Qu’il me soit donc permis ici d’apporter l’éclairage que Henri Hugues – Président de chambre honoraire à la Cour d’Appel d’Aix en Provence – nous a apporté par une note qu’il a communiqué à ses amis.
Les présidents de cour d’assises ont tous en mémoire le cas de certains accusés acquittés qui étaient certainement coupables. Récemment aussi, la cour d’assises de la Dordogne a acquitté une infirmière qui avait pourtant reconnu les faits dont elle était accusée.
Les arrêts des cours d’assises ne sont pas motivés
Il est toujours difficile de commenter un arrêt de cour d’assises parce qu’on ne connaît pas les motifs pour lesquels l’accusé a été condamné ou acquitté. Lorsqu’un accusé pénètre dans la cour d’assises, on sait les infractions qui lui sont reprochées. La décision du juge d’instruction, ou celle de la chambre de l’instruction, précisent les motifs. Il est indiqué aussi qu’il existe contre cet accusé des « charges suffisantes ».

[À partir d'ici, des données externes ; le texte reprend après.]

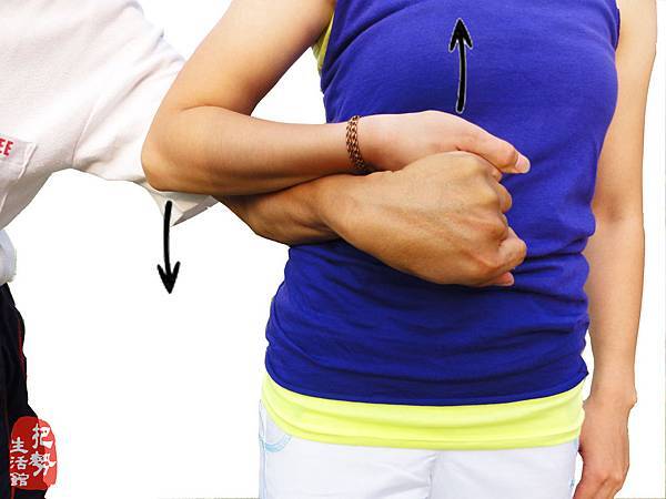 使用時機:情人約會遲到,笑裡藏刀的牽住他的手,以小吃大的牽手擒拿。(看你下次約會還敢不敢遲到!)
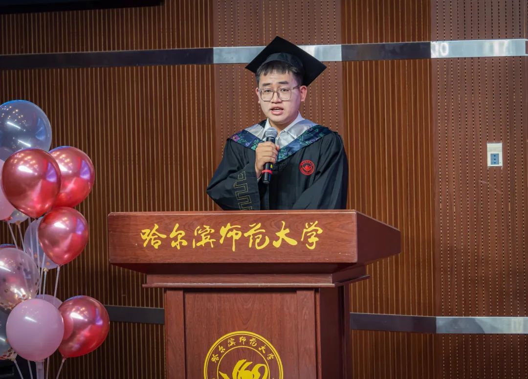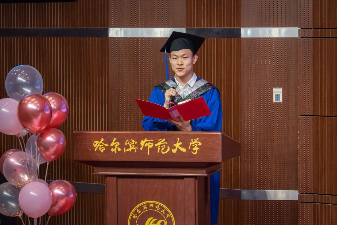 典礼第五项,本科毕业生代表兰品宽发言。他代表同学们对培育成长的母校、学院,无私奉献的恩师,风雨同舟的同伴表示衷心感谢。生逢盛世,重任在肩。站在新起点上,他将投身基层,扎根龙江,在追梦路上勇毅前行。
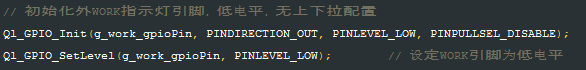 Ql_GPIO_SetLevel(g_work_gpioPin, PINLEVEL_LOW); // 设定WORK引脚为低电平
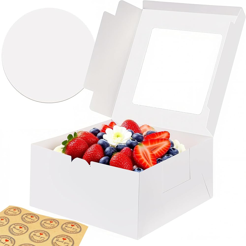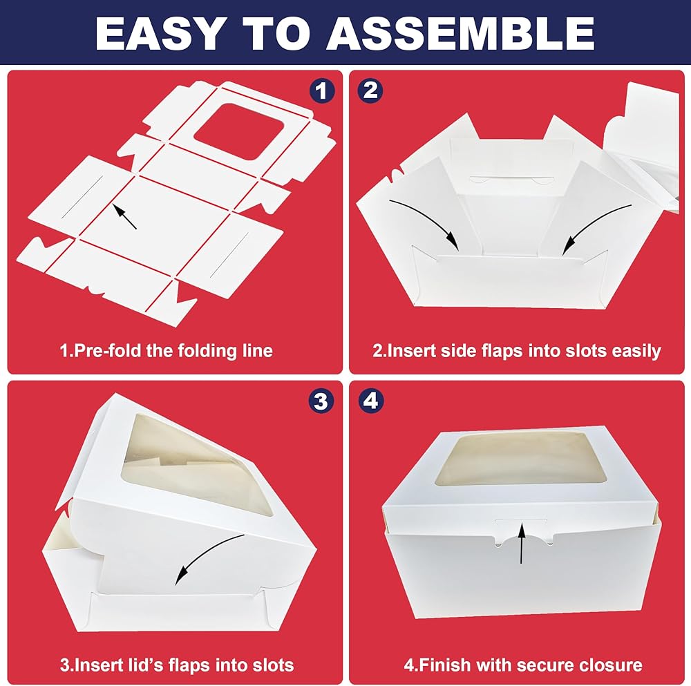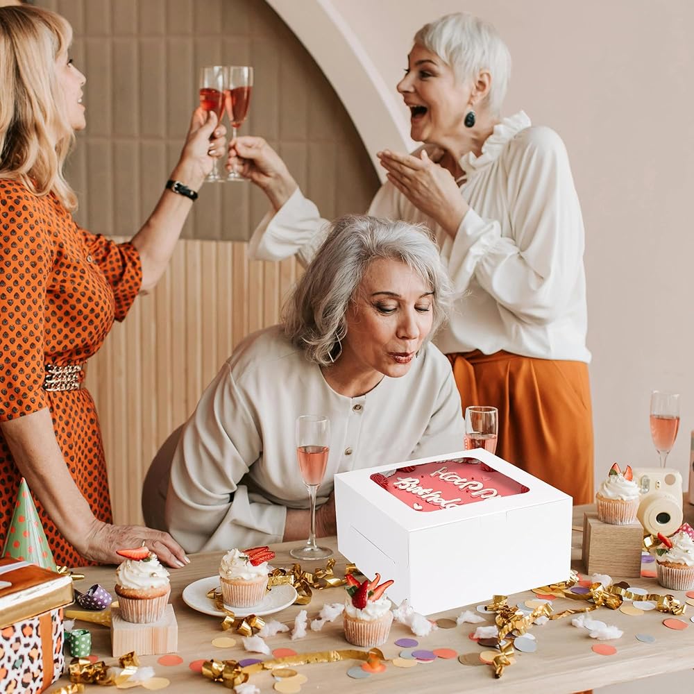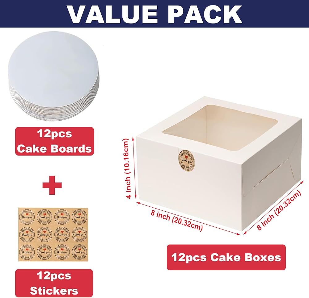 These 8x8x4 inch Cake Boxes are perfect for presenting baked goods. They are sturdy and hold up well, providing good protection for cake, cupcake, cookie, pie, chocolate, donut, cheesecake, and other treats., versatile for all kinds of big days, holiday, The clear windows allows you to display baked goods inside. These bakery boxes are a must-have for any baker or professional bakery. These cake boxes can be used as gift display, cake transport container, bakery packaging boxes and take-out boxes.Suitable for a variety of occasions such as wedding, birthday, party, Valentine's Day, Christmas and other celebrations.
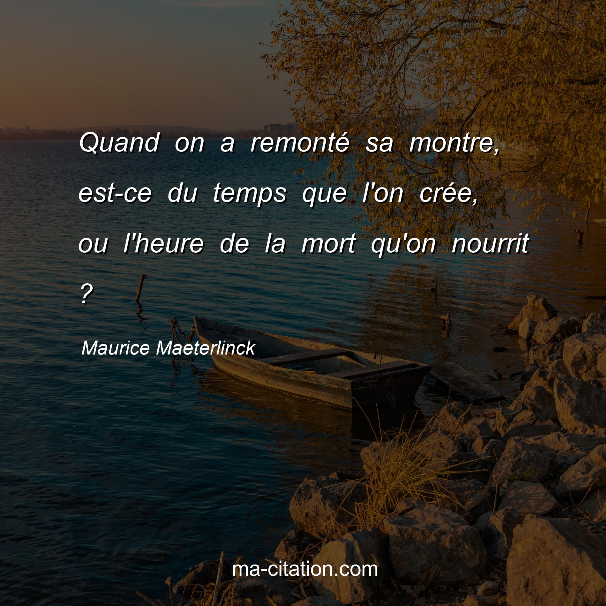 Citation sur la vie de Maurice Maeterlinck :Quand on a remonté sa montre, est-ce du temps que l'on crée, ou l'heure de la mort qu'on nourrit ?

En cas de condamnation, on peut se référer à cette décision de renvoi pour connaître selon toutes vraisemblances ce qui a entraîné cet arrêt.
Mais après un acquittement, qui est une décision contraire à l’ordonnance ou à l’arrêt de renvoi, on ne peut pas savoir les motifs pour lesquels magistrats et jurés se sont ainsi déterminés.

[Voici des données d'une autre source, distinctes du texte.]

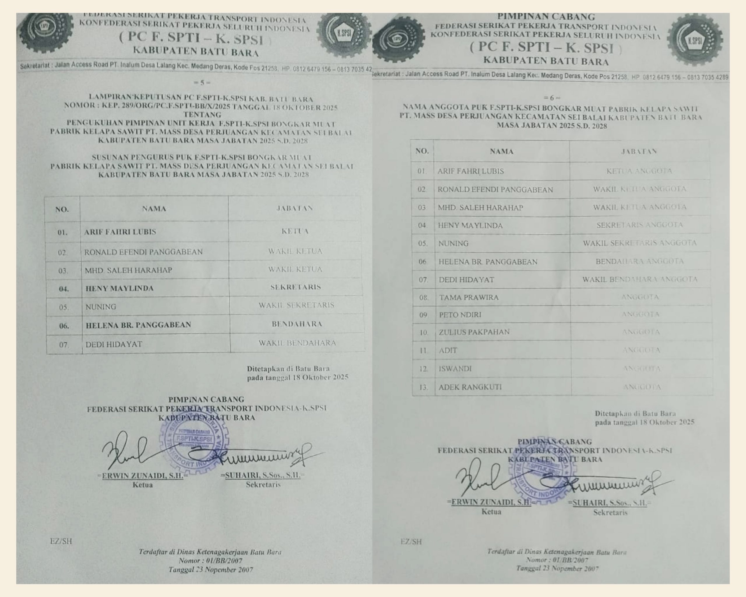 Batu Bara, Radar007.com — Ketua Federasi Serikat Pekerja Transport Indonesia – Konfederasi Serikat Pekerja Seluruh Indonesia (F.SPTI-K.SPSI) Kabupaten Batu Bara, Erwin, menegaskan bahwa proses pemberhentian dan pengangkatan pengurus di tingkat unit kerja (PUK) telah dilakukan sesuai dengan Anggaran Dasar dan Anggaran Rumah Tangga (AD/ART) organisasi serta Standar Operasional Prosedur (SOP) yang berlaku.
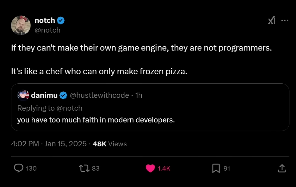 >>1022091 Я просто боюсь еще краха видеоигровой индустрии на манер как в 1983 году, когда полки наводнили низкокачественные поделки и всех это остоебенило ,что перестали покупать игры. Так и сейчас с развитием ИИ, каждый идиот или компания идиотов начнут тонны высирать низкокачественного кала, что все цифровые магазины утонут в нем и людям надоедят игры как таковые? Копаться среди тонны кала, чтобы найти хоть что-то нормальное. Если я начну сейчас усиленно изучать годо и пытаться выпустить что-то сносное уйдет минимум лет пять у меня. Не умрет ли индустрия от ИИ к тому времени?
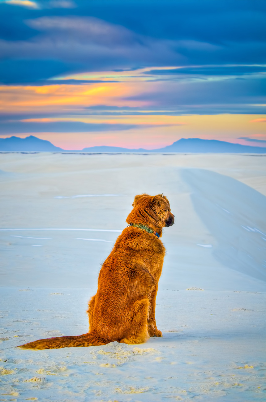 Photo taken at White Sand near Alamogordo, NM. It is sunset and he is listening to a pack of coyotes. |
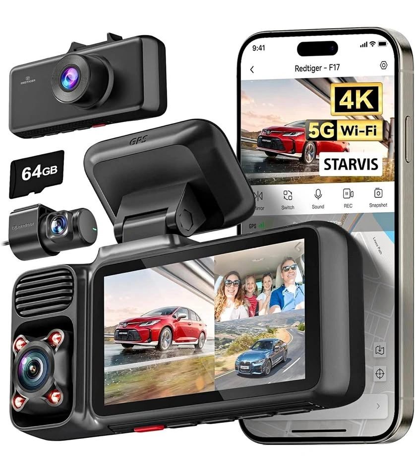 REDTIGER F17 4K 3-Channel Dash Cam | GPS | WiFi
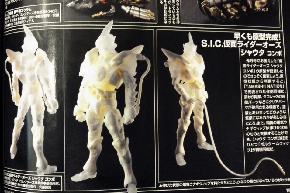 Seen previously at Tamashii Nations 2012 a prototype for SIC Kamen Rider OOO ShaUTa Combo has just been revealed in this months issue of Hobby Japan!
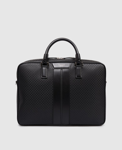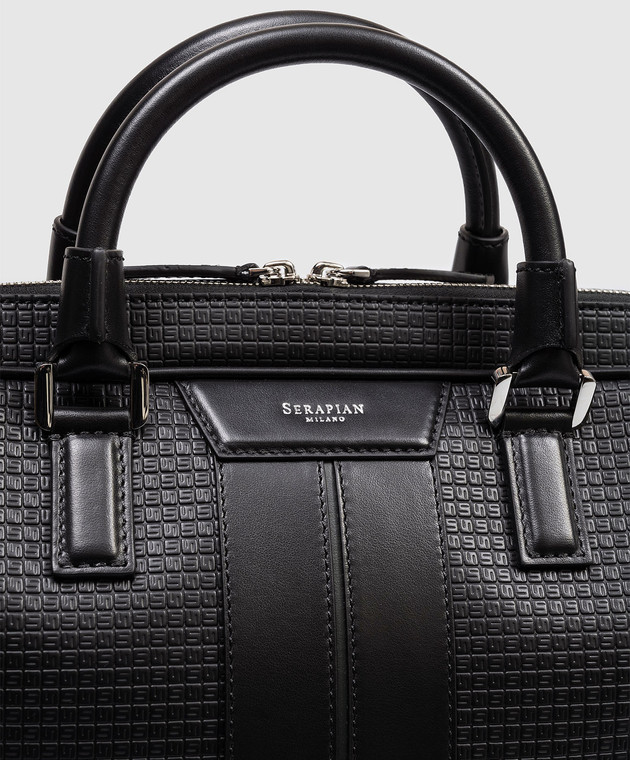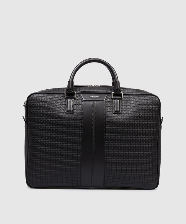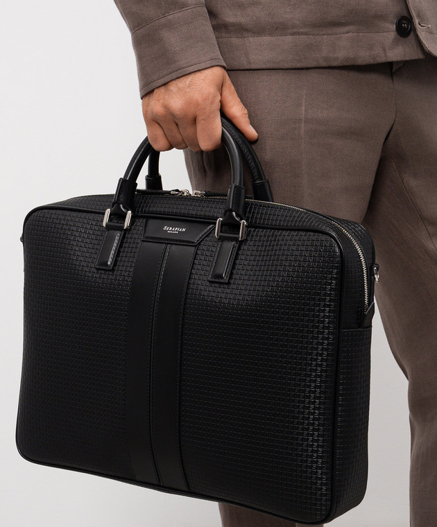 Черный кожаный портфель с принтом логотипа
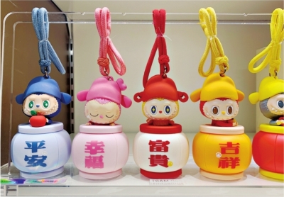 在泡泡玛特样品展示区,“富贵款”盲盒“富”字少一横。
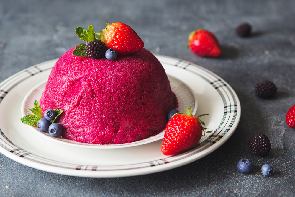 • Παγώστε για 6 ώρες ή όλη τη νύχτα. Για να σερβίρετε, ανοίξτε τη μεμβράνη και στη συνέχεια βάλτε ένα πιάτο σερβιρίσματος ανάποδα στην κορυφή και αναποδογυρίστε το. Βάλτε λίγα φρούτα για γαρνίρισμα.

La cour d’assises est constituée de trois magistrats professionnels, dont un président, et de neuf jurés, ou douze jurés lorsque la cour siège à la suite d’un appel.
La délibération est secrète : elle a lieu dans la salle des délibérations. Après un échange de vues, les magistrats et les jurés votent par écrit, à bulletins secrets. Les bulletins sont détruits immédiatement après le dépouillement, pour préserver le secret.
La question posée pour chaque accusé et chaque infraction est celle-ci : « X est-il coupable d’avoir à… le… » Il est répondu soit par « oui », soit par « non », soit par bulletin blanc. Seuls les oui sont comptés. L’accusé est déclaré coupable si huit au moins des votants (dix dans le cas de la cour d’assise statuant en appel) ont répondu « oui ». A défaut de huit (ou dix) oui, l’accusé est acquitté.
Peu importe le nombre de « non »… ou de bulletins blancs. L’accusé peut donc être acquitté alors que sept des votants ont répondu « oui » et parfois même alors qu’aucun des votants n’a voté « non », les indécis ayant déposé un bulletin blanc.
Mais seuls les magistrats professionnels et les jurés connaissent le nombre de « oui », de « non », et de bulletins blancs. A l’audience publique, lorsqu’il prononce l’arrêt, le président ne dit pas comment se sont réparties les voix. En cas de condamnation, il dit seulement « à la majorité de huit (ou dix) voix au moins ». On ne relève jamais qu’une décision a été prononcée à l’unanimité lorsque ce fut le cas.